Közelgő programok

‘Demotic narrative and emotions’
John Tait (University College London) előadása
Graeco-Aegyptiaca #3/1
Palladion Műhely / UCL
2023. szeptember
online
Emotional responses (both those of the characters of the plot and those of the audiences) play an important role in all narrative. This paper looks at how they operate in Demotic Egyptian narratives, and asks whether or not variations can be seen, either between genres, or between individual compositions.
Korábbi programok
2023

‘Naukratis: new fieldwork and new results’
Alexandra Villing (British Museum) előadása
Graeco-Aegyptiaca #2/7
Palladion Műhely / UCL
2023. június 27.
online
Alexandra Villing will discuss her recent fieldwork and monograph on the site of Naukratis, which she carried out together with Ross Thomas, and which has the potential to transform our understanding of this important archaic Greek site in Egypt

‘Imagining a Greek Home for an Egyptian Goddess: Time, Landscape, and Architecture in Greek Sanctuaries to Isis’
Lindsey Mazurek (Indiana University, Bloomington) előadása
Graeco-Aegyptiaca #2/6
Palladion Műhely / UCL
2023. május 30. 17:00
online
When Isis first arrived on Greek shores in the 3rd century BCE, her new followers had to build sanctuaries appropriate to an Egyptian goddess.
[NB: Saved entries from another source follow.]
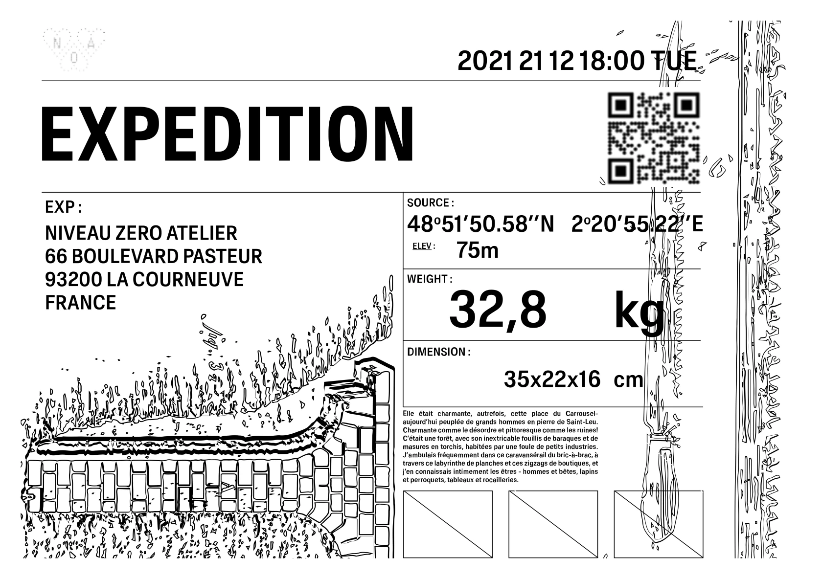 "No tracking number est le titre d'un objet créé par Niveau Zéro Atelier à l'invitation de Disque Bleu et exposé au Jeu De Paume à l'hiver 2021. Il dialogue avec un bouquet de fleur créé pour l'occasion par Disque Bleu.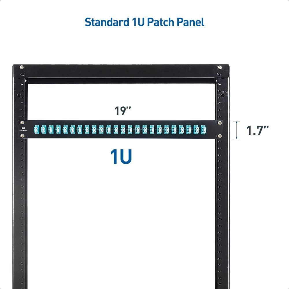 Standard size 1U rack mount fiber patch panel LC is ideal for expanding a network big or small; Rack mount 1U patch panel fiber connects to a standard 19-inch server rack, and measures across one standard rack unit (1.7 inches)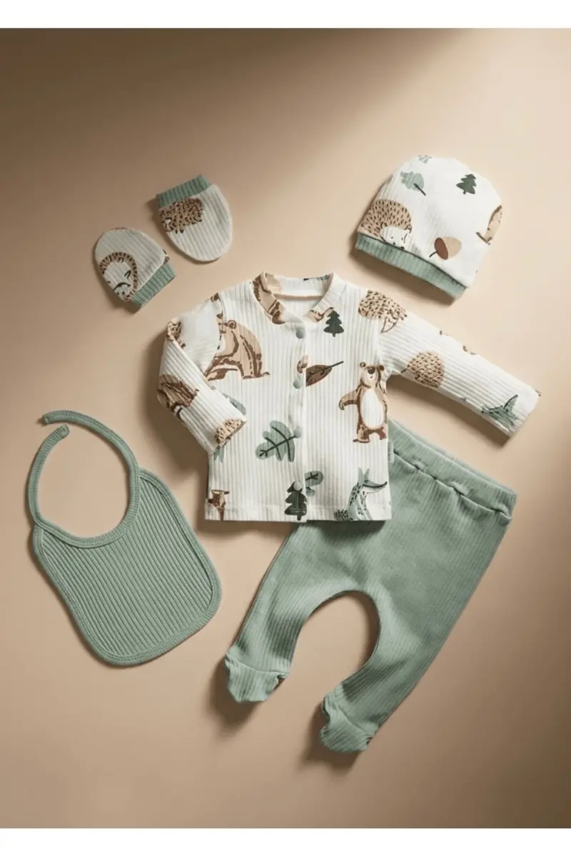 Hastane Çıkışı 100% Pamuk Ayıcık Baskılı Yenidoğan 5li Set Bebek Kıyafeti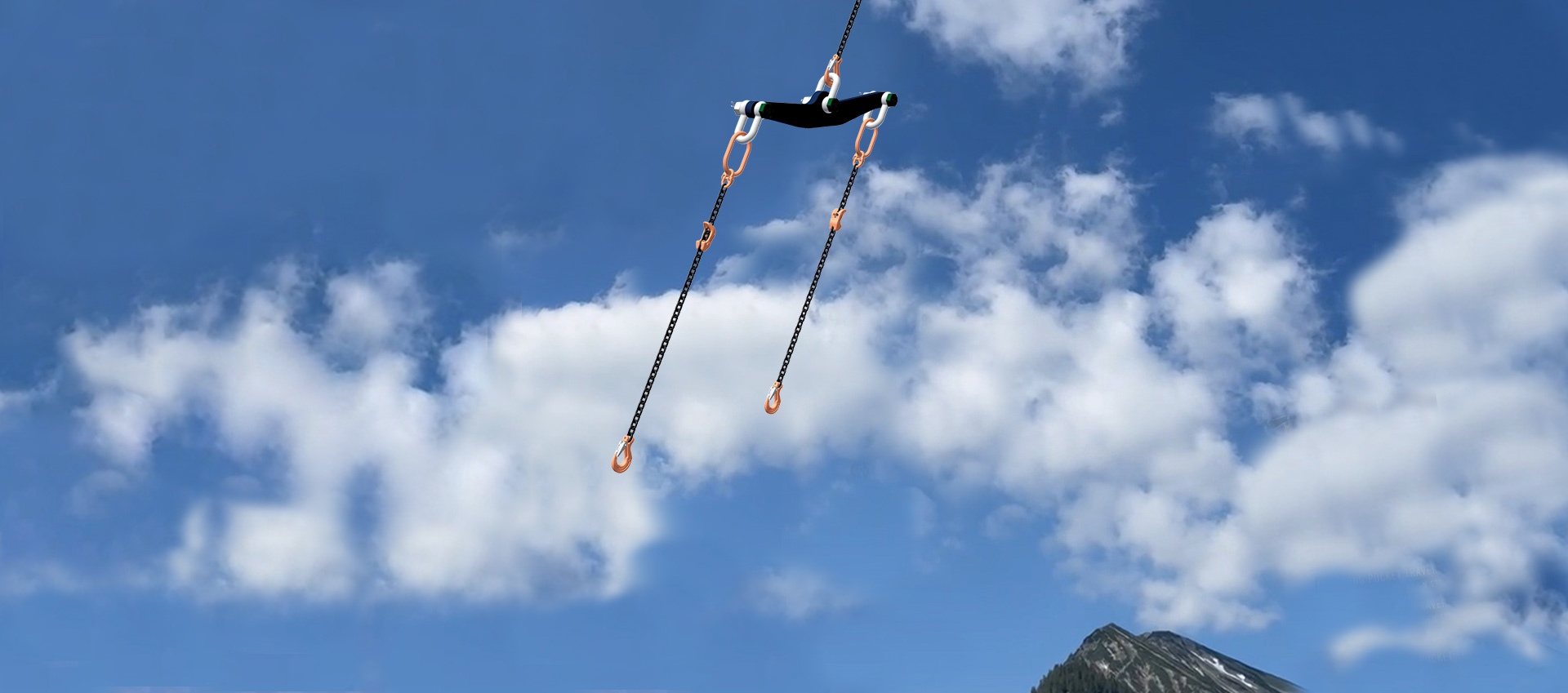 The Pocket Traverse is a practical tool in a smart format - easily transportable and available everywhere. The weight is 16.5 kilograms. The beam is 652 millimeters long, and the length of the two 1-strand chain slings is 1,000 millimeters. The special, patented geometry guarantees equal load distribution to each attachment point at lifting angles between 0 and 45 degrees. Shortening claws on the chains allow the system to be used correctly and safely even with demanding geometries.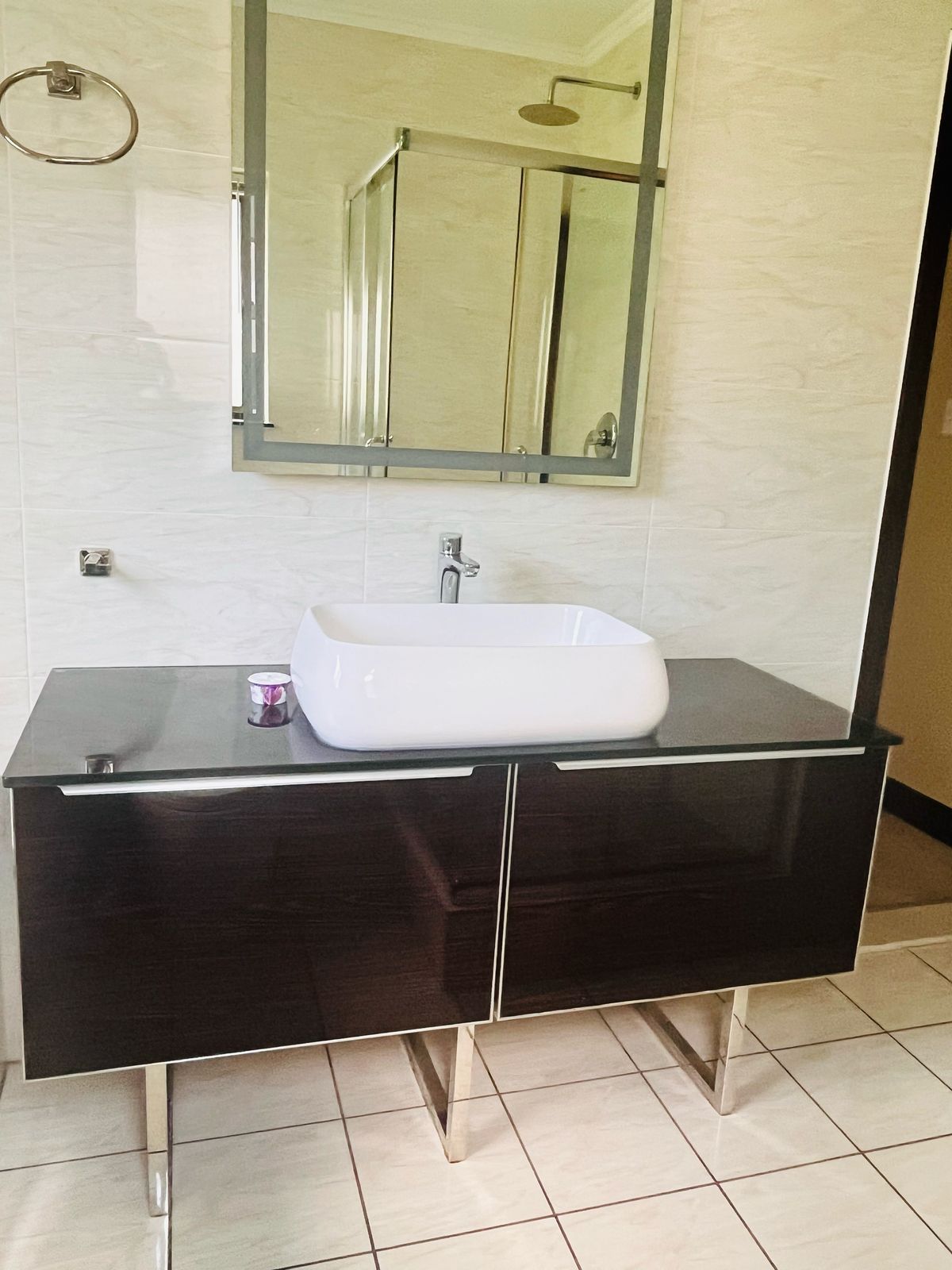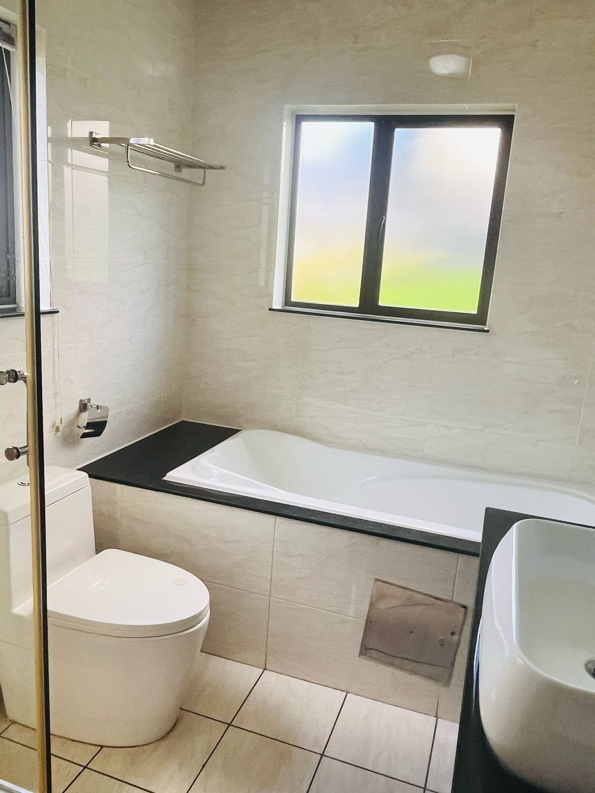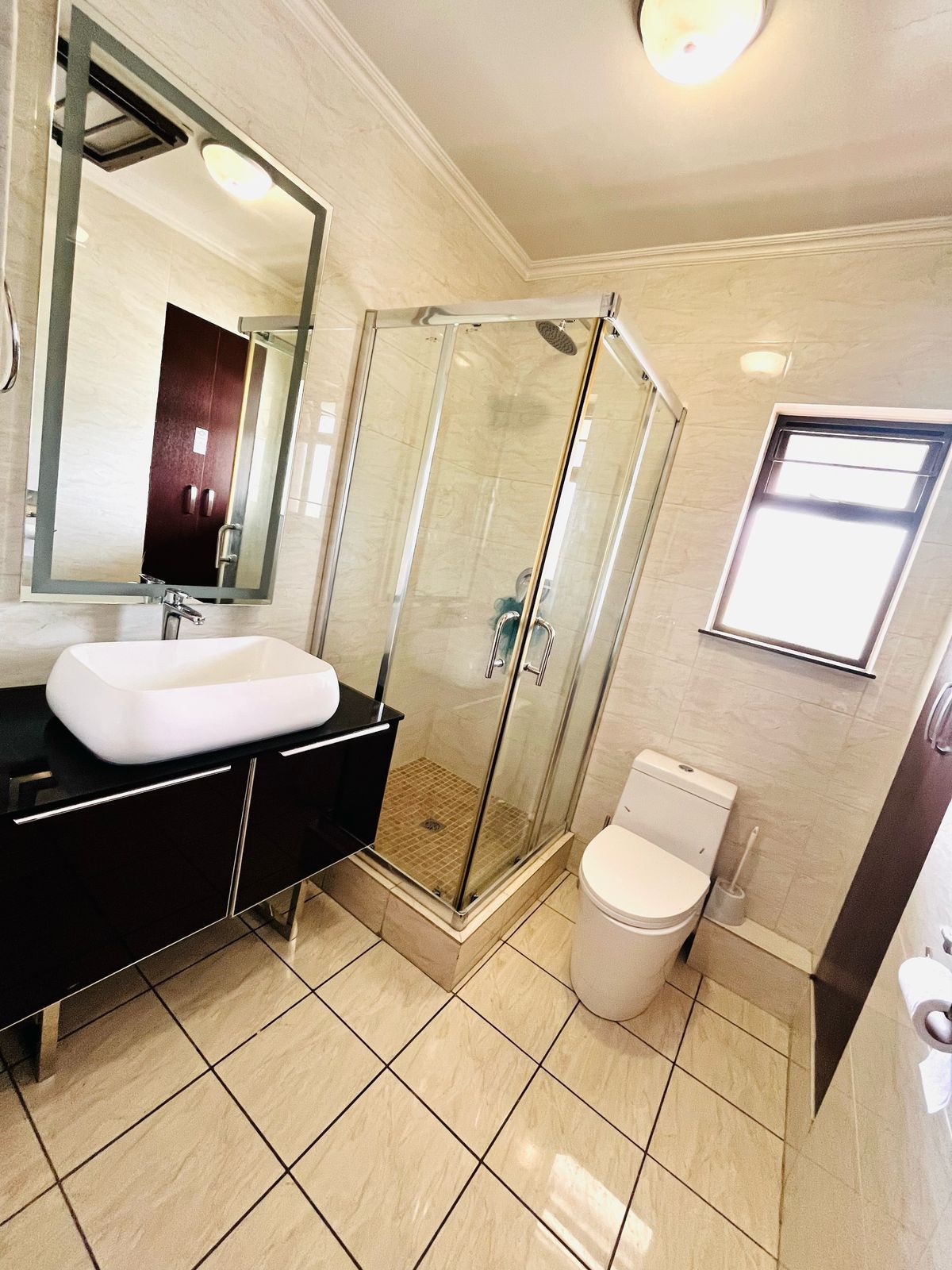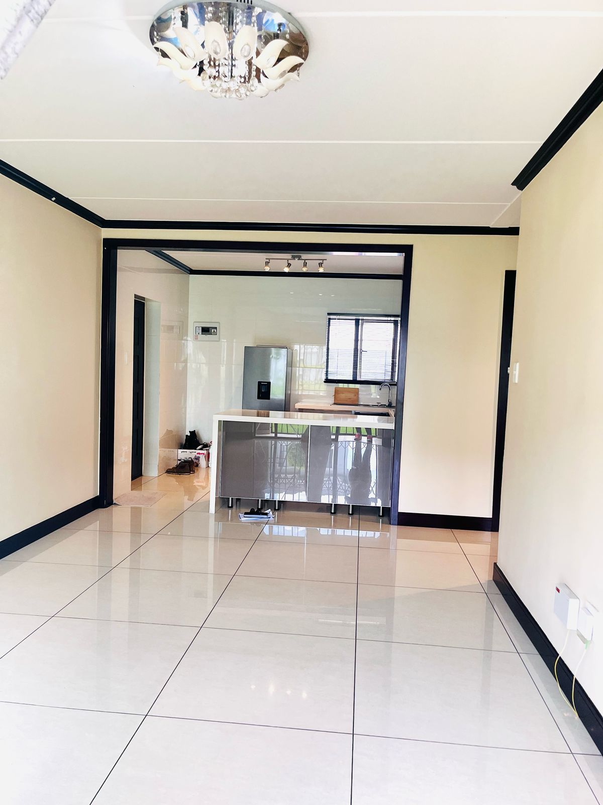 The open-plan layout seamlessly integrates the kitchen and lounge, creating a bright and airy space perfect for both entertaining and relaxing. Large windows flood the living area with natural light, creating a welcoming ambiance. The living room offers ample space for lounging, while the kitchen is a chef’s dream, featuring sleek cabinetry, high-quality countertops. Whether you’re preparing a quick meal or hosting friends and family, this kitchen is both functional and stylish.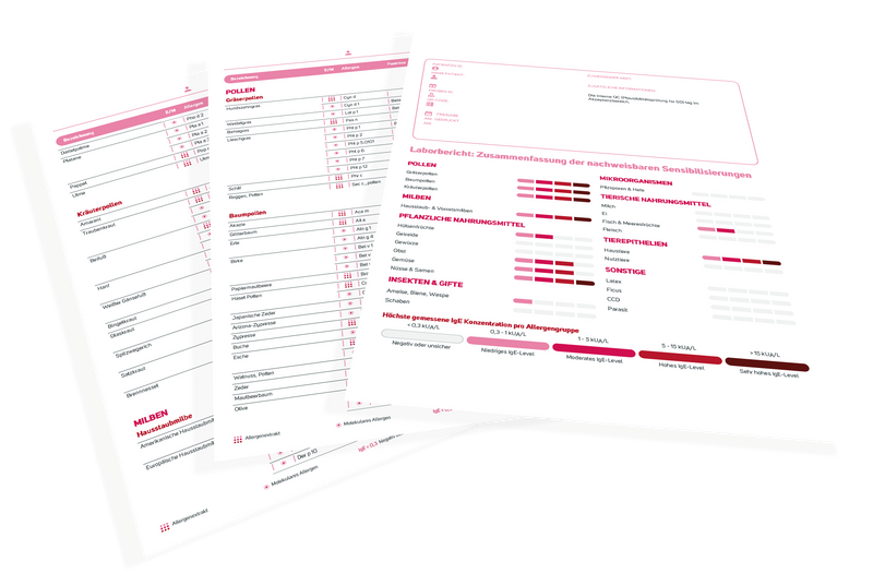 The results are clearly visualized and presented in a way that’s easy to understand, even without medical knowledge. You can instantly see how strongly your body reacts to each individual allergen—supplemented with helpful additional information and explanations.

In the process of imagining a place for their Greek Isis to dwell, devotees came up with a wide range of eclectic solutions that intertwined local needs, imperialist fantasy, and fantastical chronology. These sanctuaries do not draw from contemporaneous Egyptian art and architecture, but rather from Greek stereotypes about Egypt and the Nile River. Isis’ Greek temples, I argue, allowed Greek devotees to imagine Egypt in a way that responded to their own experiences as provincial subjects of the Roman Empire.
I begin with a brief overview of Isis’ and Sarapis cults’ arrival in Greece in the early Hellenistic period. Then, I turn to literary evidence, in which Greco-Roman authors from Herodotus to Pliny the Younger characterize Egypt as a timeless and strange place and highlight its unique flora and fauna. I next trace the popularity of these ideas in wall paintings and mosaics, where depictions of the Nile convey ideas of otherness and imperial control. I conclude by discussing the sanctuaries of the Egyptian gods at Marathon and Gortyna. The sanctuary at Marathon combines imaginative architecture that resembles Pharaonic Egyptian temples, archaizing sculpture that evoked a timeless Greco-Egyptian past, and a riverine setting that recalled the Nile Delta. At Gortyna, the sanctuary includes both an underground water crypt that echoed the Nilometers used to measure the river’s annual flood and cattle statuettes that personified the river’s waters. Taken together, this evidence suggests that Greek devotees used sanctuary spaces to explore Greek conceptions of Egypt as an imagined, far-off, and ancient place that they could control in much the same way that Rome controlled and imagined Greece.

Listening to Tutankhamun
Online screening of multidisciplinary artist Sara Sallam’s short film I Prayed For The Resin Not To Melt, followed by a discussion with the artist.
Palladion Műhely / ELTE
2023. május 26. 17:00
online
I Prayed For the Resin Not To Melt offers an alternative record of Tutankhamun’s first encounter with the archaeological apparatus, narrated from his imagined perspective. It accentuates the violence that he was subjected to in the name of scientific study by re-enacting the procedures performed on his mummified body. By relying primarily on an audio-centric form of retelling, Sara Sallam avoids replicating the invasiveness of the operations that took place in his tomb. Addressing the viewers’ auditory senses is also an attempt to bypass the dominant public gazing practices, which have been desensitised by the notions of gold and treasure typically associated with this discovery.
The event aims to ’listen’ to Tutankhamun both through the films’ audio-visual effects and through a discussion of the context and meaning of the inscriptions on Tutankhamun’s funerary mask. Rather than offering ready-made answers, we hope to raise awareness of archaeological and museological ethics and stimulate discussion. The event will be moderated by Kata Endreffy (Palladion) and Kata Jasper (Eötvös Loránd University, Budapest).
Cover © Sara Sallam, Fake Gold. Replica of Tut’s tomb, Giza 2016.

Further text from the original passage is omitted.